> [Brief]: Copy the lines of the data below exactly, starting at the first and stopping after the line that contains "Krivach 41 - водка Кривач 41 0.7 л"; include no pictures.

[Collection entries]

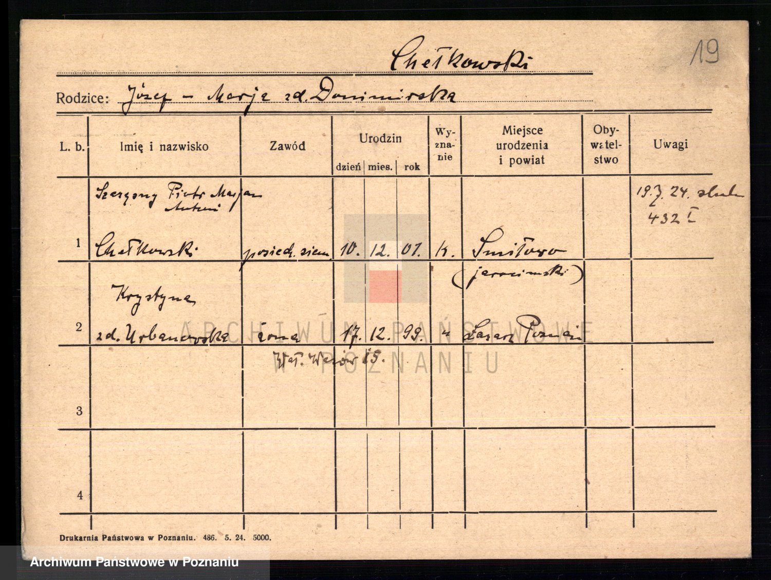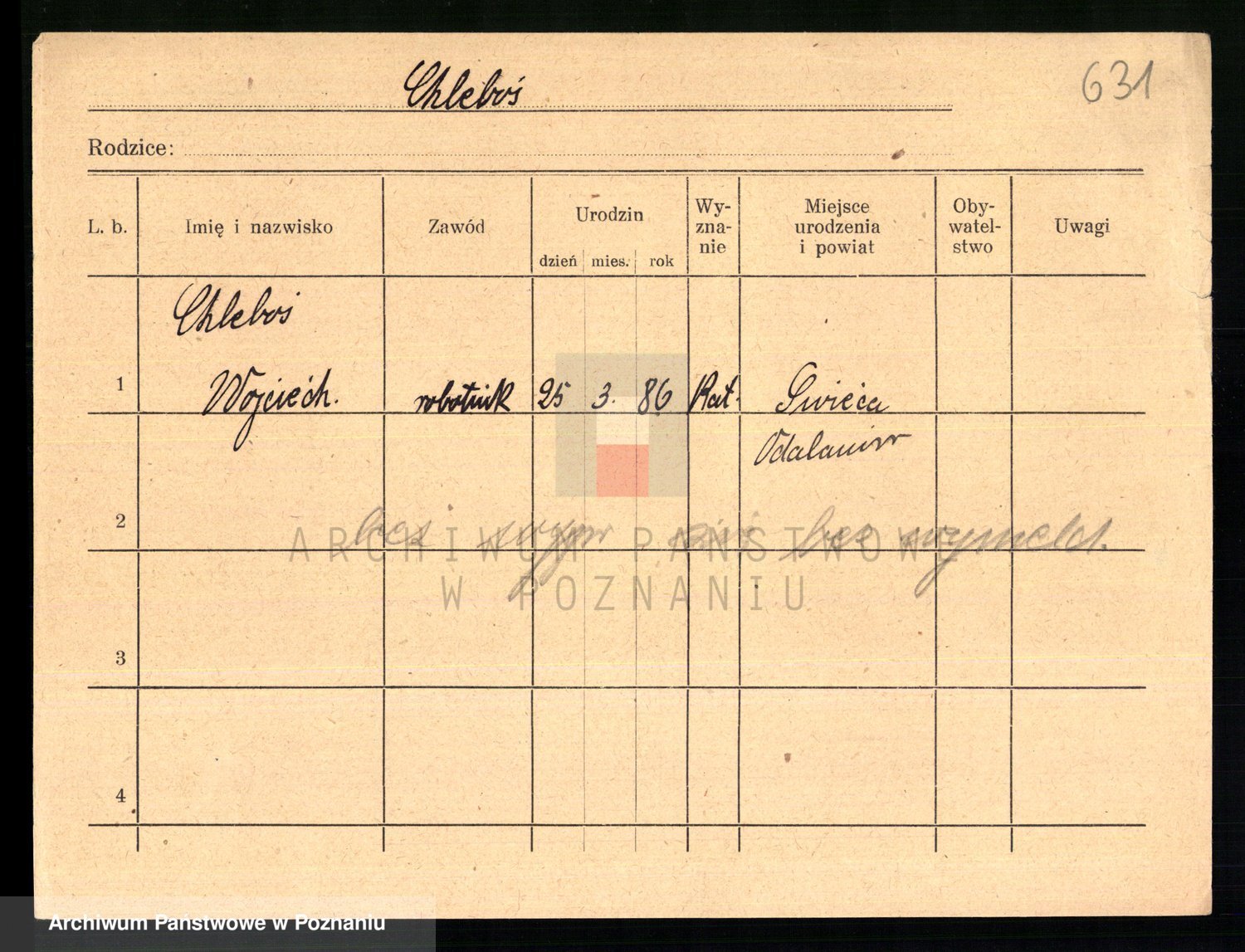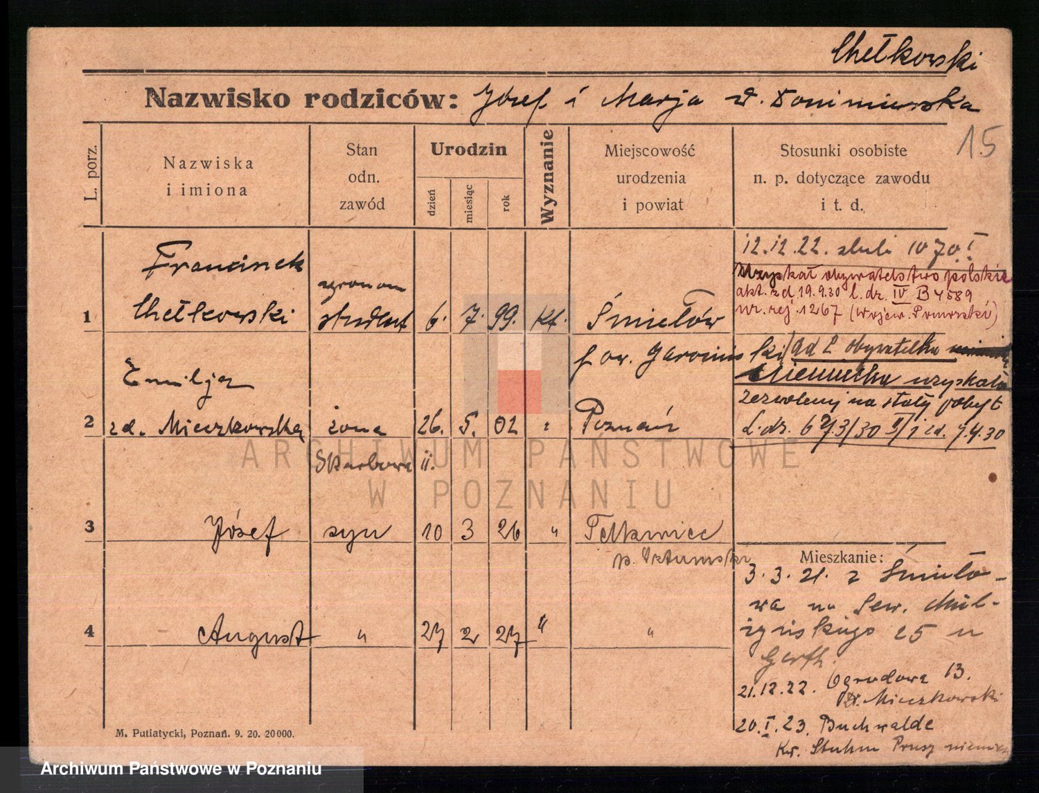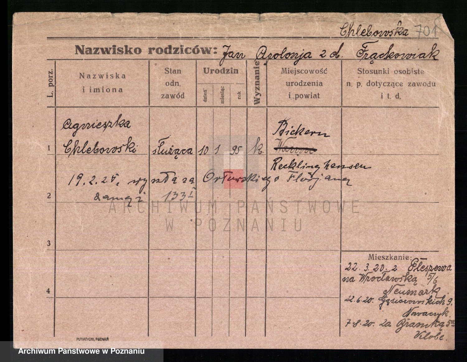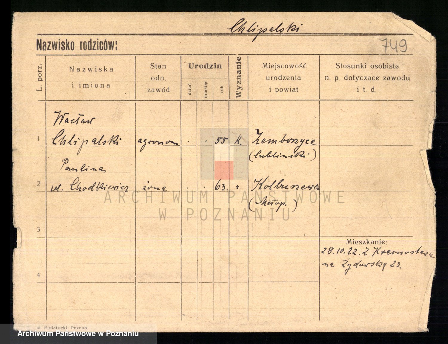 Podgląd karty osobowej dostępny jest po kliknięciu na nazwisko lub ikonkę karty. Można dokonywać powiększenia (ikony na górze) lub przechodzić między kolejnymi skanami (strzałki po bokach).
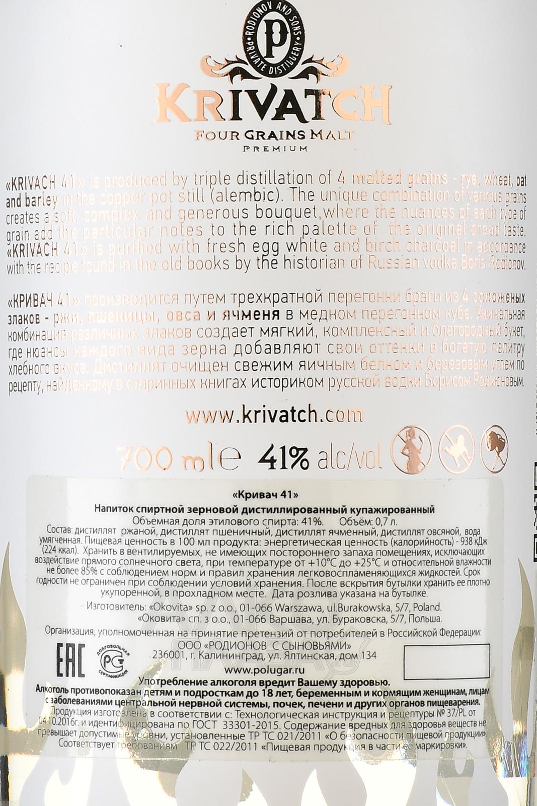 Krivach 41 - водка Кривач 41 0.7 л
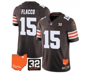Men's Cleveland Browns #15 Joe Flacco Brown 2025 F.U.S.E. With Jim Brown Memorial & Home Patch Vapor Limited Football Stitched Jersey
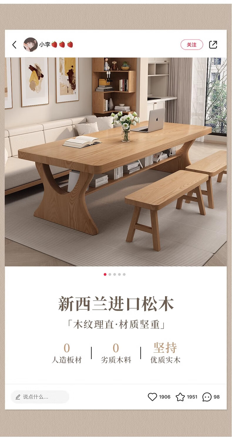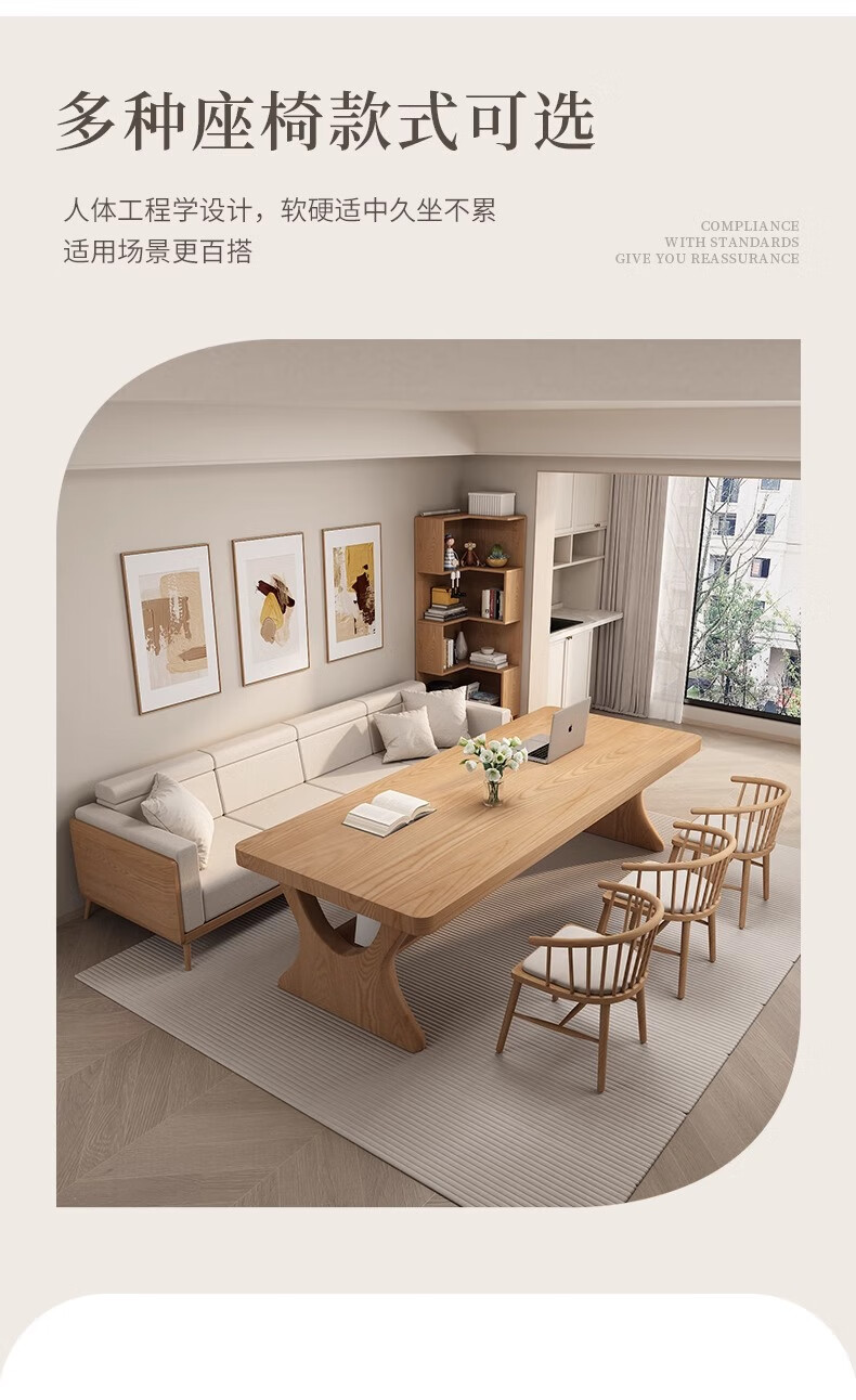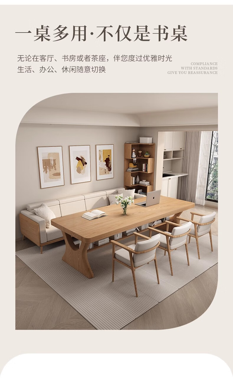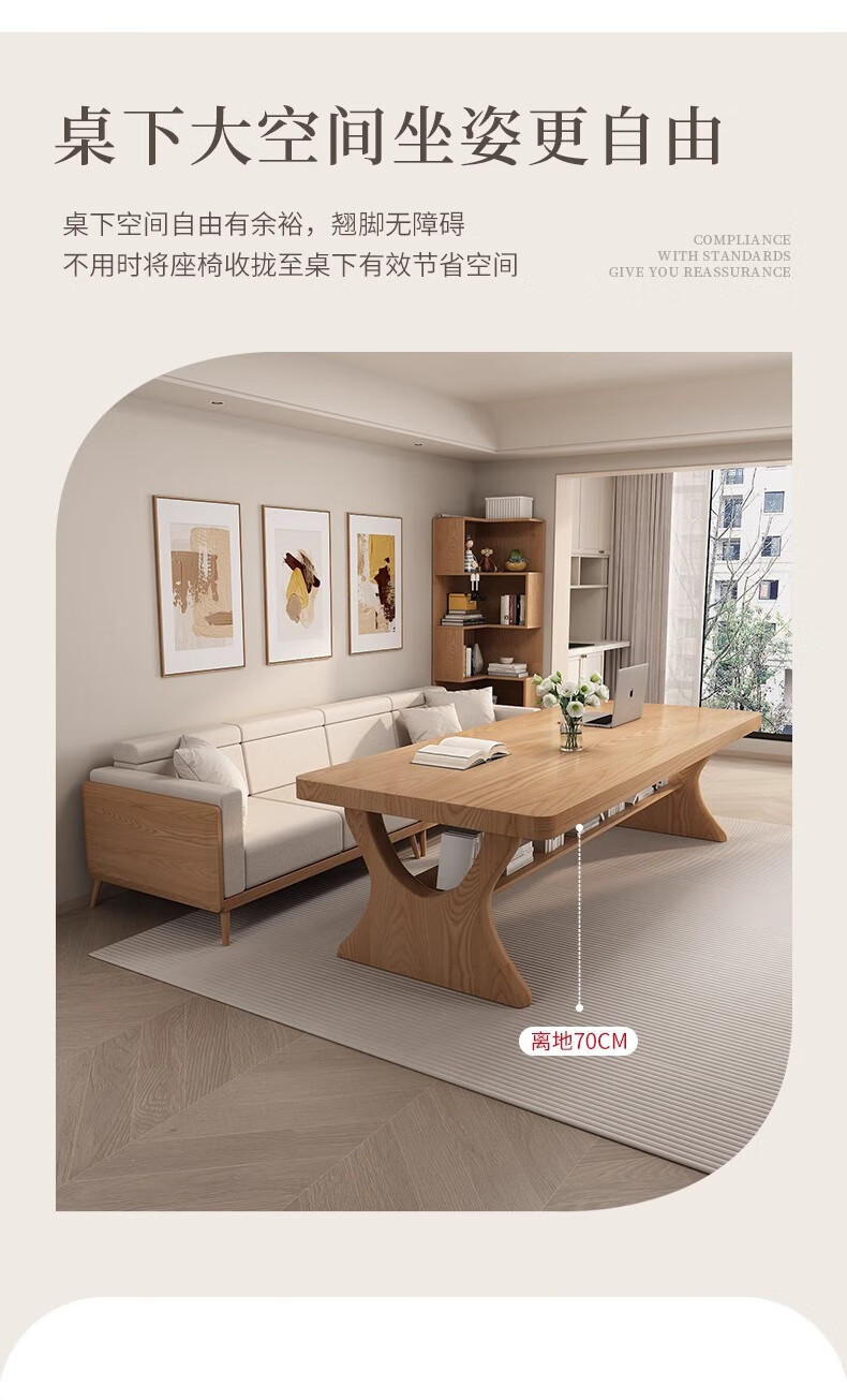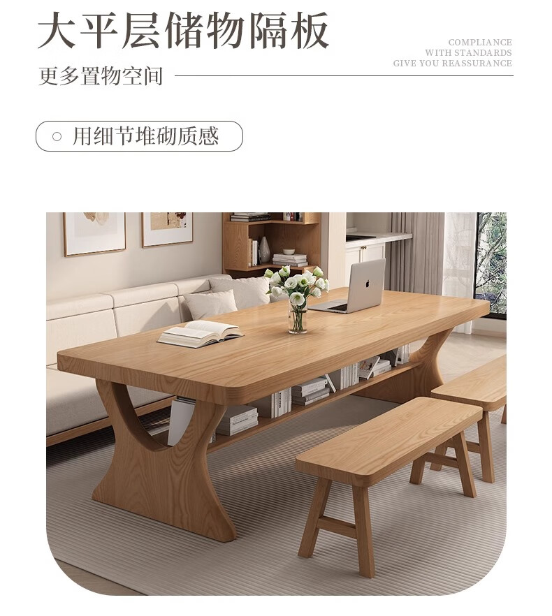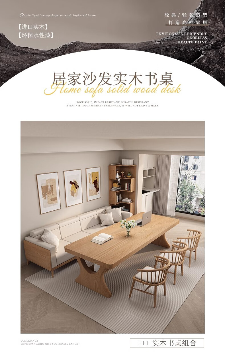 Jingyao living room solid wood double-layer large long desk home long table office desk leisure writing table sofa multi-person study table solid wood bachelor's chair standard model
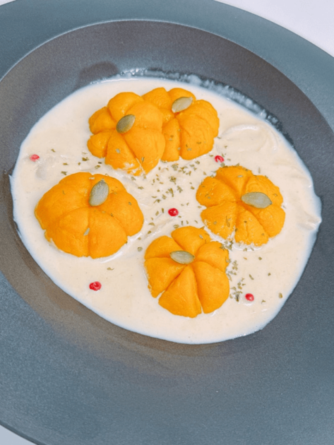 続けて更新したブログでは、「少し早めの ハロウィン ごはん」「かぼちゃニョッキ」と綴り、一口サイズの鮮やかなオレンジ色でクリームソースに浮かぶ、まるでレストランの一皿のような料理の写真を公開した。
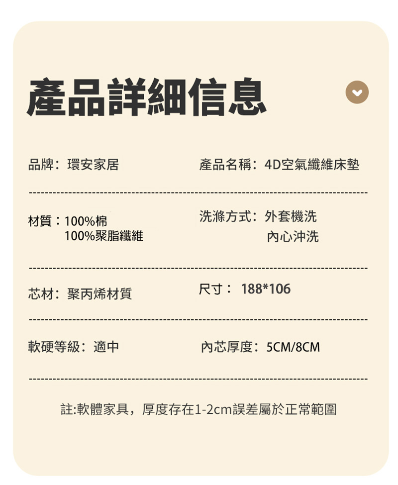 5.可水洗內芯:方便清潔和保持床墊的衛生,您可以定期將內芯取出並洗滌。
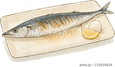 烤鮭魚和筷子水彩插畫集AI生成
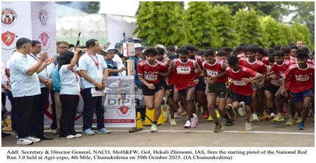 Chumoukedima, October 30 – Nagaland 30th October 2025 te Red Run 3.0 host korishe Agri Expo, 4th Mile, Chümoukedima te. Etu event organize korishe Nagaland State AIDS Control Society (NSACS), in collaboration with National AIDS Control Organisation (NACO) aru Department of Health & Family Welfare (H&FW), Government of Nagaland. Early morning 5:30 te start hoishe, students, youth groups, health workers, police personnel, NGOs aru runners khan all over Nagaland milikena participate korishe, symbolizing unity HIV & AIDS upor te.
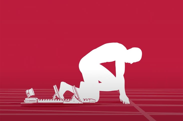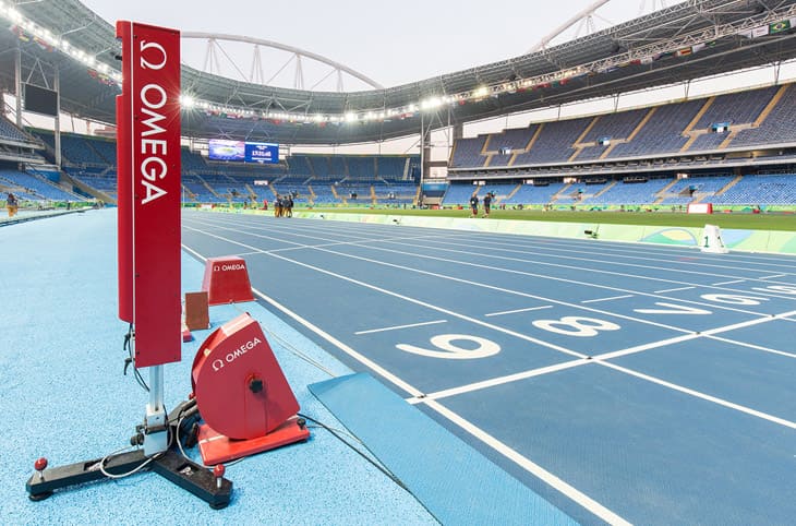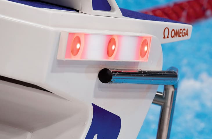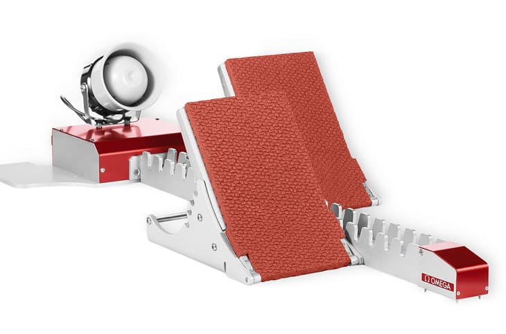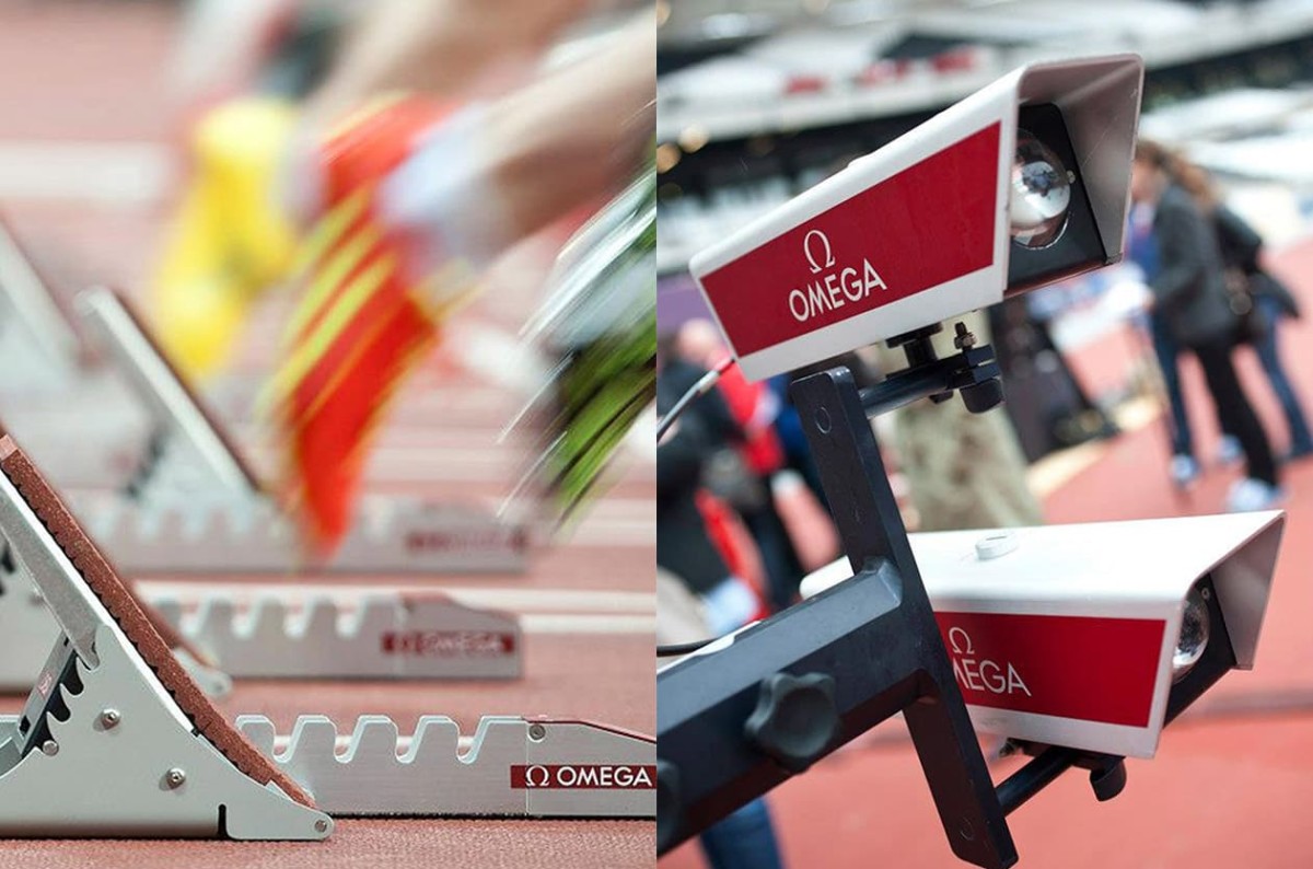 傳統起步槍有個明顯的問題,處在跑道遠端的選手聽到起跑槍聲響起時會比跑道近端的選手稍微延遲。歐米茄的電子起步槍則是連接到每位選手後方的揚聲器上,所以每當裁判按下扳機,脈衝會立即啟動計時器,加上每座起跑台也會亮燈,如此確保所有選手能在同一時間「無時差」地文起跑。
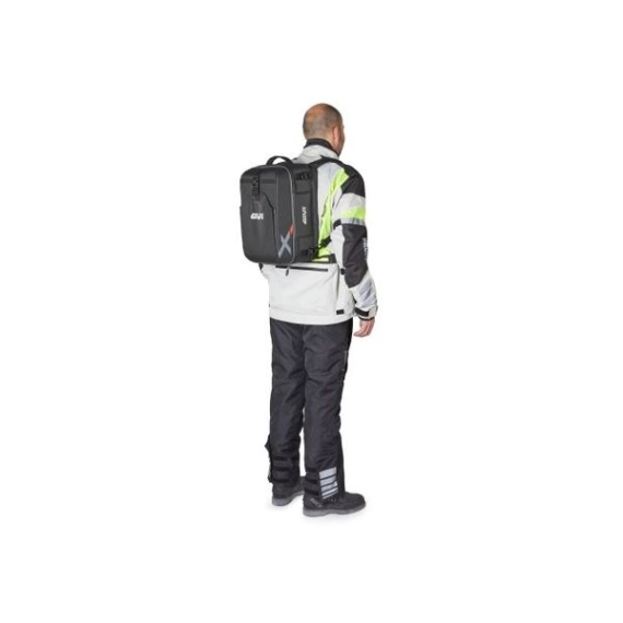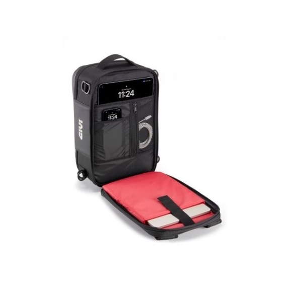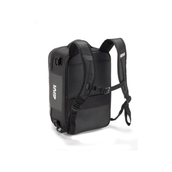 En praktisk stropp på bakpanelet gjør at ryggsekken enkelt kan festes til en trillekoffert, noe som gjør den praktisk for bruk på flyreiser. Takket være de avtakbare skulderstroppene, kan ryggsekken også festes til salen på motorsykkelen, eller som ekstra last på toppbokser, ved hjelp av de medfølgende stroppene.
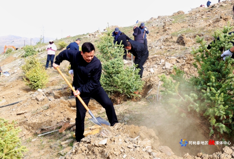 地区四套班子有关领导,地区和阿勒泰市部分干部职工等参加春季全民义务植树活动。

> [Task output]:
 Podgląd karty osobowej dostępny jest po kliknięciu na nazwisko lub ikonkę karty. Można dokonywać powiększenia (ikony na górze) lub przechodzić między kolejnymi skanami (strzałki po bokach).
 Krivach 41 - водка Кривач 41 0.7 л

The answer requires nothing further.